### Available data
::::::
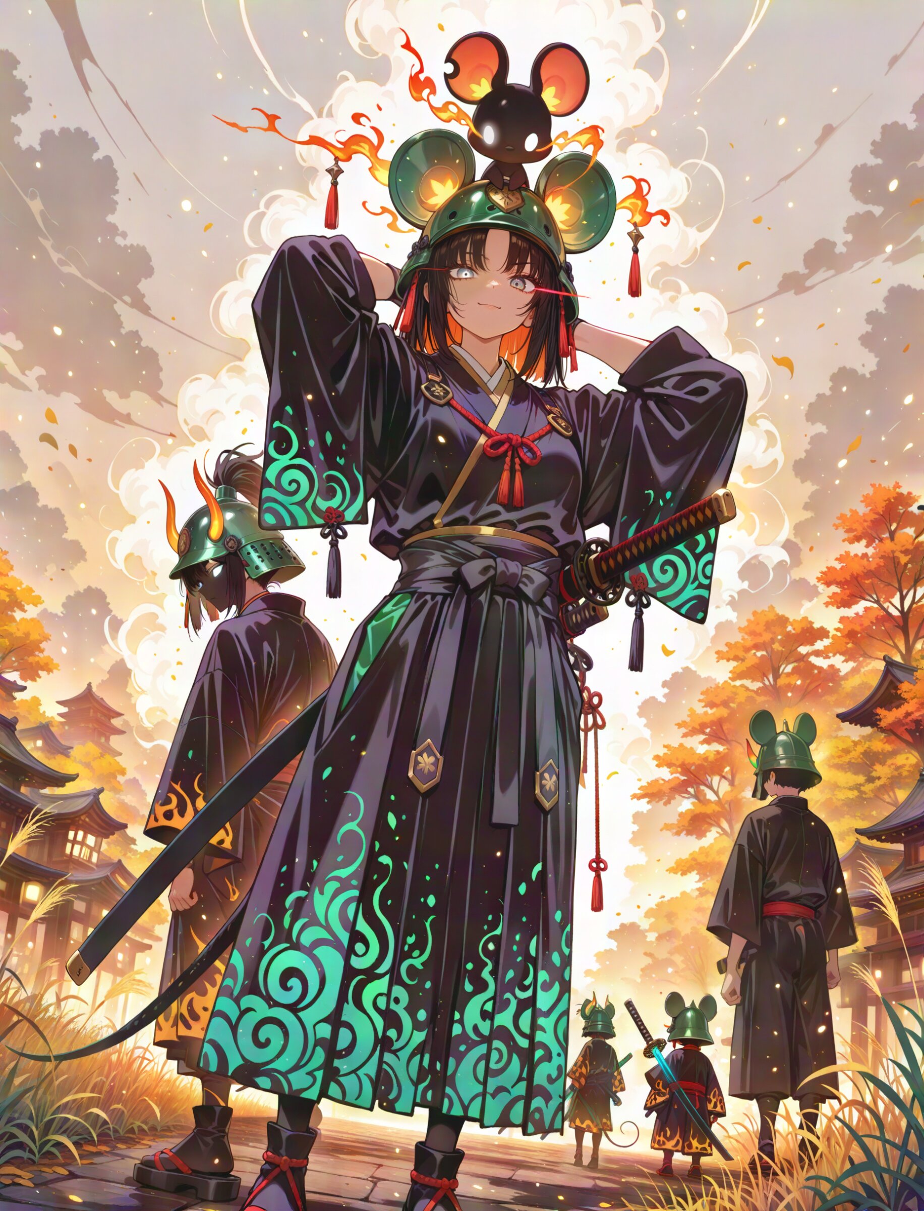 from behind, looking another, feet out of frame from below, looking down looking at viewer, (dutch angle:1.2), autumn atmosphere, earthy color, glowing amber mouse energy, amber silhouette of serious mouse guardian, huge mouse aura, 1girl, samurai, (muscular male:0.5), black hair, crew cut, parted bangs, straight hair, glowing eye, eye trail, beautiful grey eyes, ,, mouse ears, mouse tail, (holding Japanese ever green sword:1.3), scabbard, (checkerboard pattern kimono:1.1), (stylish ever green japanese helmet:1.1), egasumi, sandals, tabi, (respectful smile:1.2), , arms behind head (swirling ink effects:1.2) fleeing, beautiful metallic luster, sharp katana, ultra detailed katana, silver particles, light trail, The background is a solid, bright amber, creating a striking contrast with the intricate, multi-colored design of the character, (a lot of silhouette:1.0), pop color background, (high saturation:1.2), drop shadow, ink-drenched shadows, solid black shadow blocks, abstract ink swath background, heavy chiaroscuro, high-contrast inky shading, negative space, grunge texture, calligraphic strokes, susuki grass, super fine concept art, unreal engine, graceful eyes, masterpiece, best quality, amazing quality, very aesthetic, absurdres, newest, professional art lots of details, , overexposure, sumie effect style, 4ur4_illu,shiny, glowing, glowing particles, glowing light particles, light particles, ice fog , <lora:noline (1):-0.5> <lora:sdxl2-flat2-512b:0.15> <lora:facelightup_xl_v10:0.5> <lora:V2_yakumo_alchemy:0.5> <lora:Aura_illu:0.1>
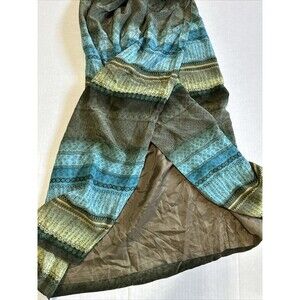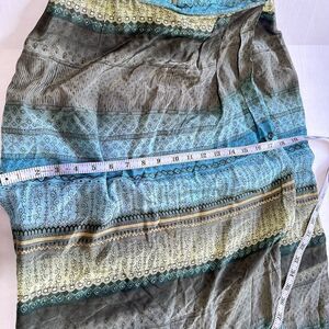 This is a pre-owned women's silk skirt by Spencer Jeremy in size 8. The skirt features a floral print in green, blue, and olive colors with a faux wrap style. It has a high rise and a maxi length. The skirt has a zip closure and is lined. It is recommended to be dry cleaned only. The skirt has an indie, bohemian, 90s, and retro theme and is suitable for all seasons.
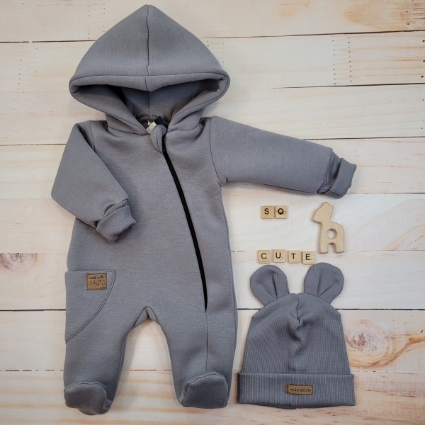 Oteplený dětský overal se šlapkama a kapucí + čepička, 2D, Kazum, šedý, vel. 68; 68 (3-6m)
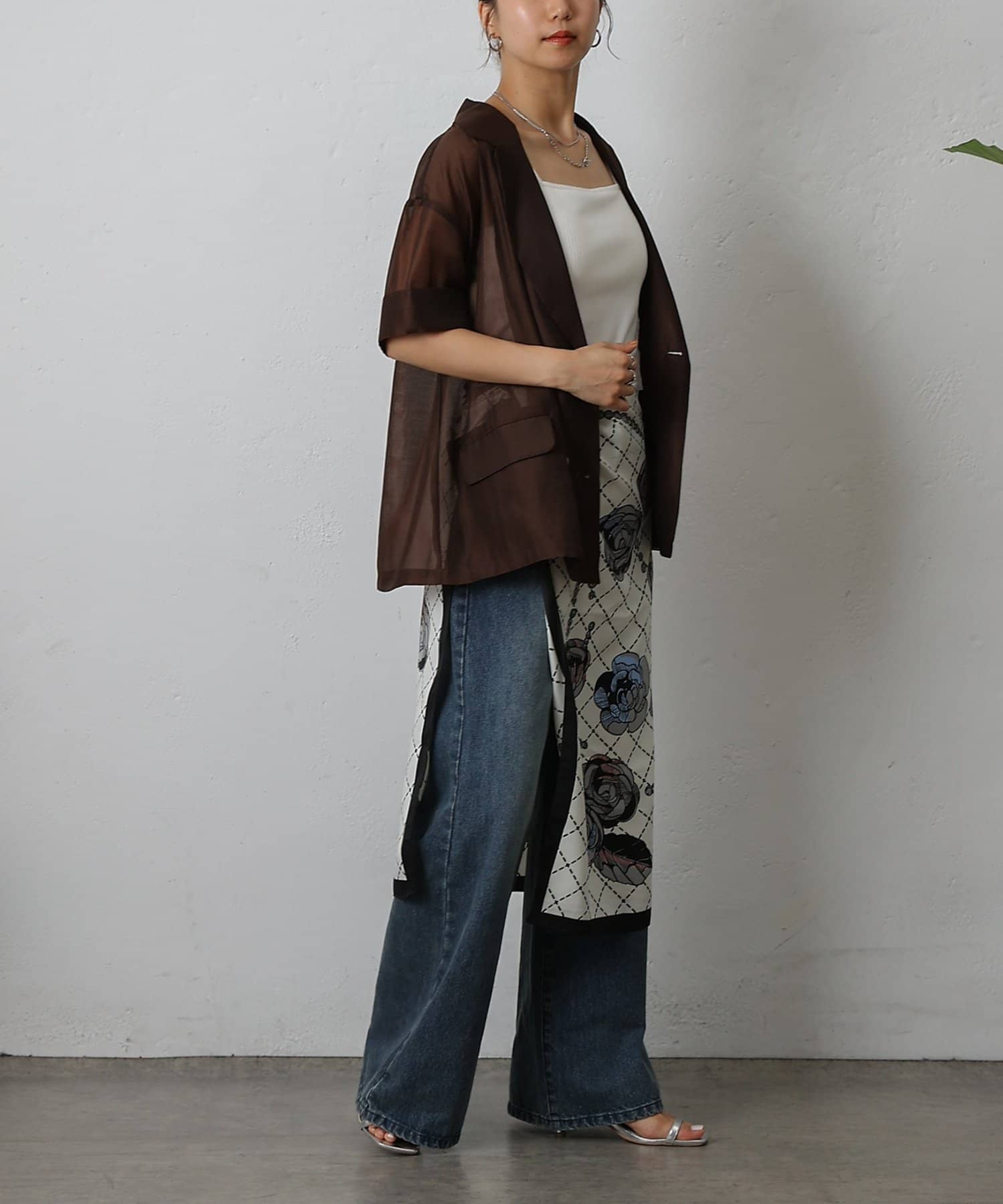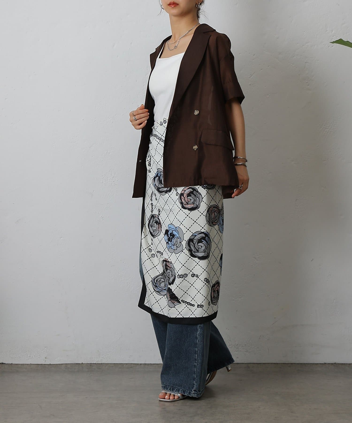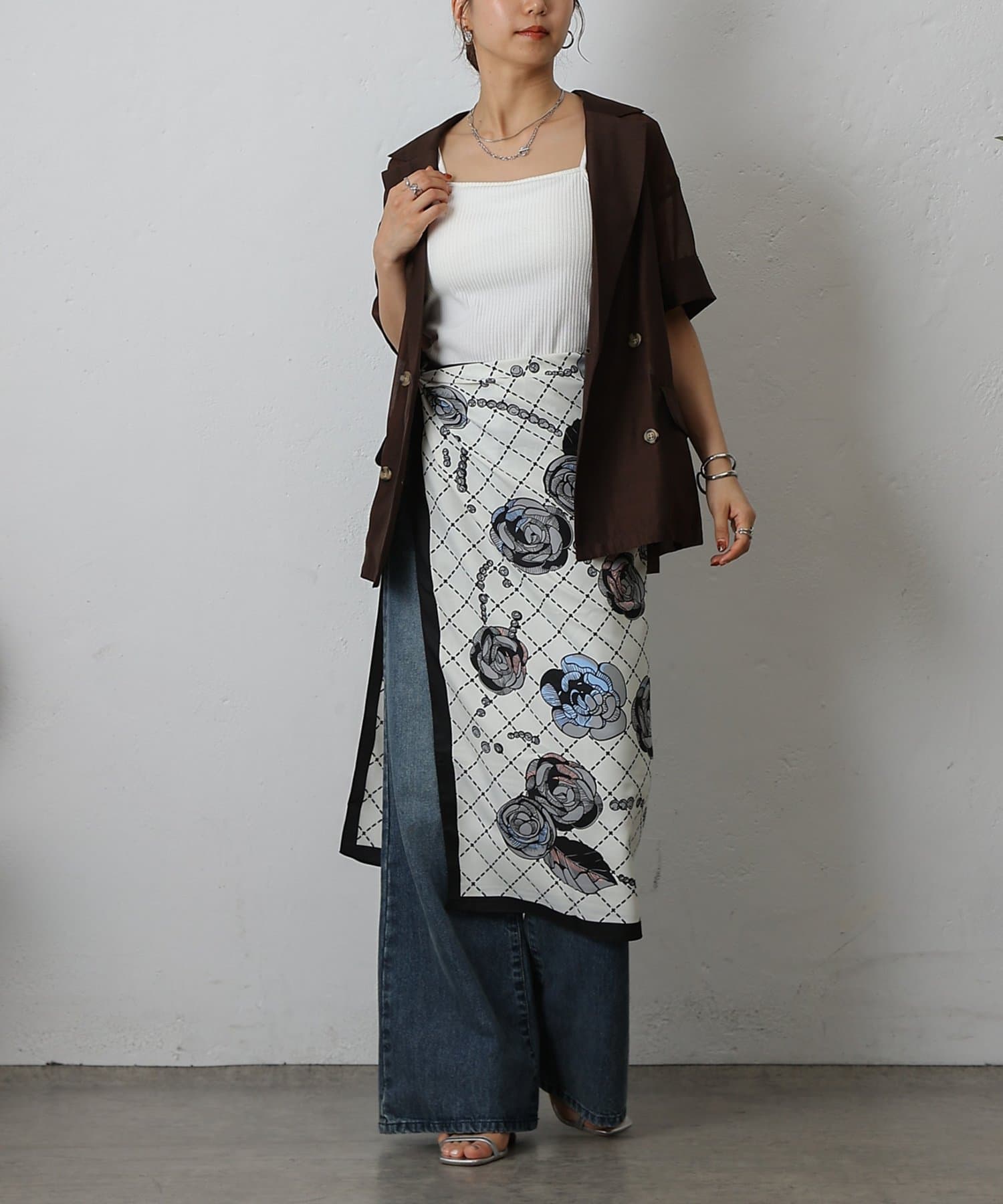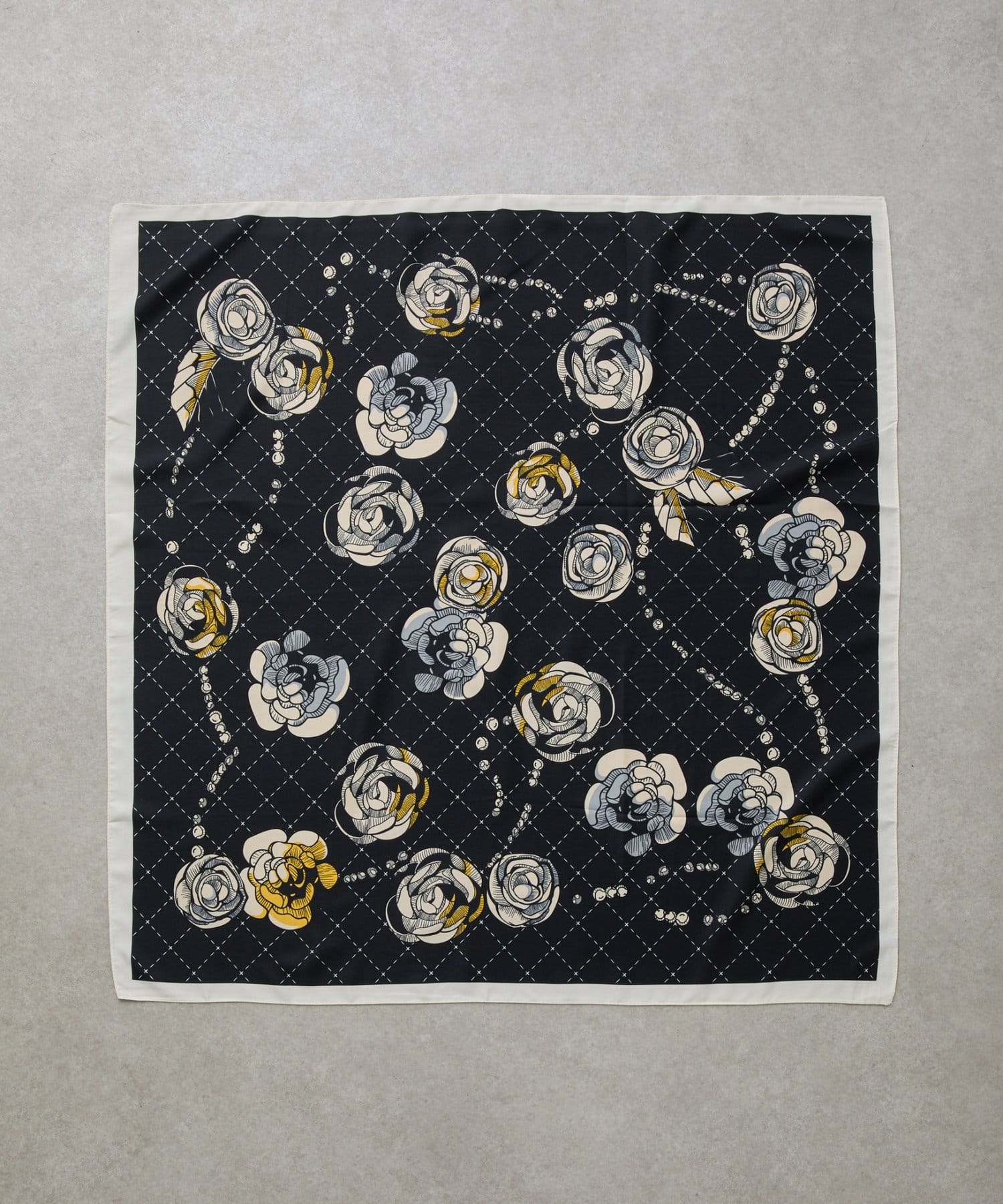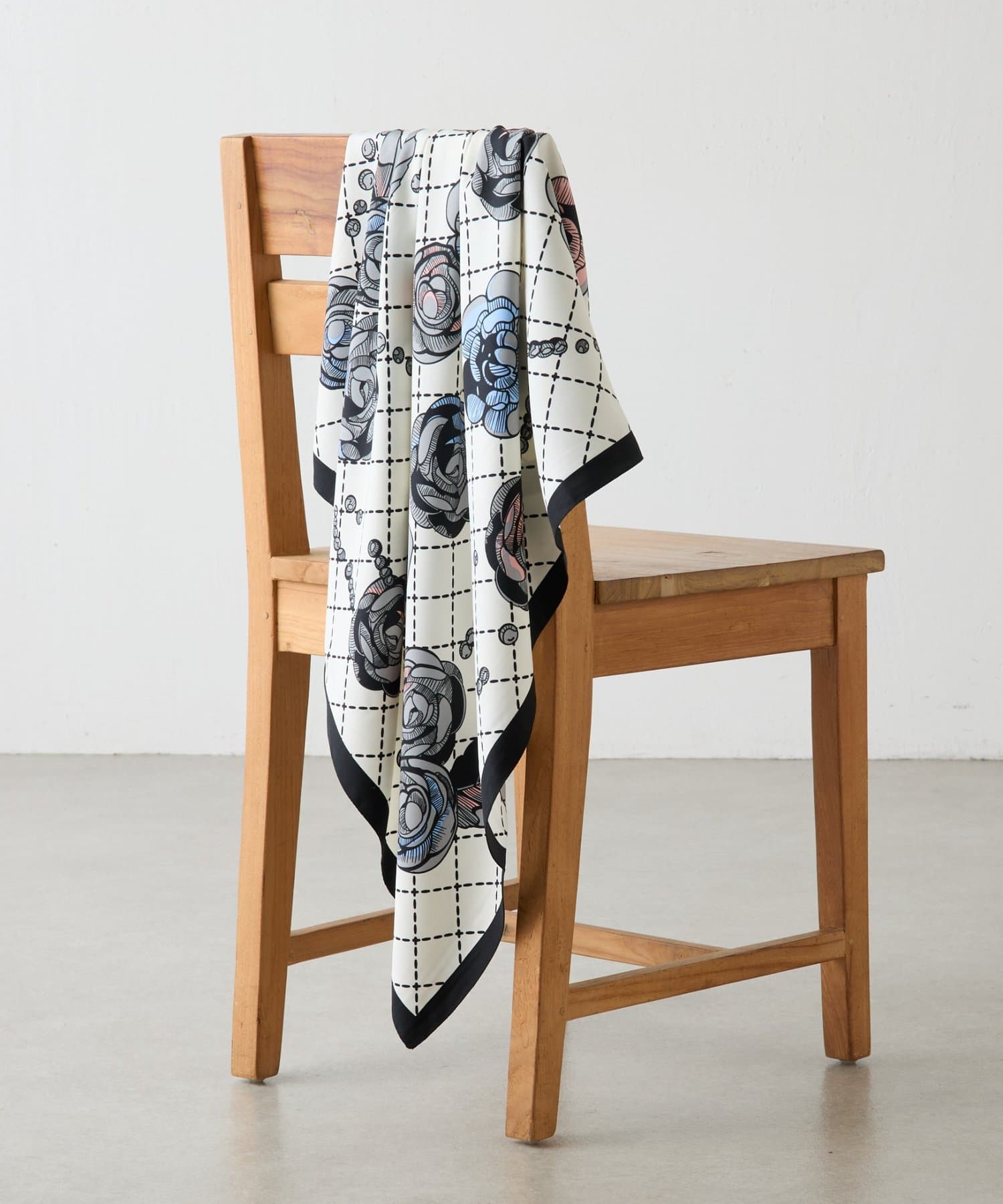 シックなモノトーンを基調に、繊細なタッチで描かれたローズモチーフが印象的な大判スカーフ。モノトーンの色使いが、上品で洗練された雰囲気を演出します。普段のコーディネートにプラスするだけで、ワンランク上のスタイルが完成します。美しい光沢感となめらかな肌触りが特徴で、いつものスタイルに上品なエッセンスをプラス。大判サイズなので、アレンジは自由自在。首元にふんわりと巻けば、顔まわりを華やかに、そして小顔効果も期待できます。シンプルなニットやシャツに合わせるだけで、トレンド感のある着こなしに。また、ヘアアレンジや頭巾取り入れれば、一気にこなれ感がアップします。広げて肩に羽織れば、ストールとしても活躍。冷房対策や日焼け防止にもなり、一年を通して重宝すること間違いなしです。今季マストのスカーフを楽しめる1枚。
::::::
### How to complete this task
Please copy exactly, and only, the lines from the one that contains "Oteplený dětský overal" through the last line of the data above, omitting all pictures.

### Written solution
 Oteplený dětský overal se šlapkama a kapucí + čepička, 2D, Kazum, šedý, vel. 68; 68 (3-6m)
 シックなモノトーンを基調に、繊細なタッチで描かれたローズモチーフが印象的な大判スカーフ。モノトーンの色使いが、上品で洗練された雰囲気を演出します。普段のコーディネートにプラスするだけで、ワンランク上のスタイルが完成します。美しい光沢感となめらかな肌触りが特徴で、いつものスタイルに上品なエッセンスをプラス。大判サイズなので、アレンジは自由自在。首元にふんわりと巻けば、顔まわりを華やかに、そして小顔効果も期待できます。シンプルなニットやシャツに合わせるだけで、トレンド感のある着こなしに。また、ヘアアレンジや頭巾取り入れれば、一気にこなれ感がアップします。広げて肩に羽織れば、ストールとしても活躍。冷房対策や日焼け防止にもなり、一年を通して重宝すること間違いなしです。今季マストのスカーフを楽しめる1枚。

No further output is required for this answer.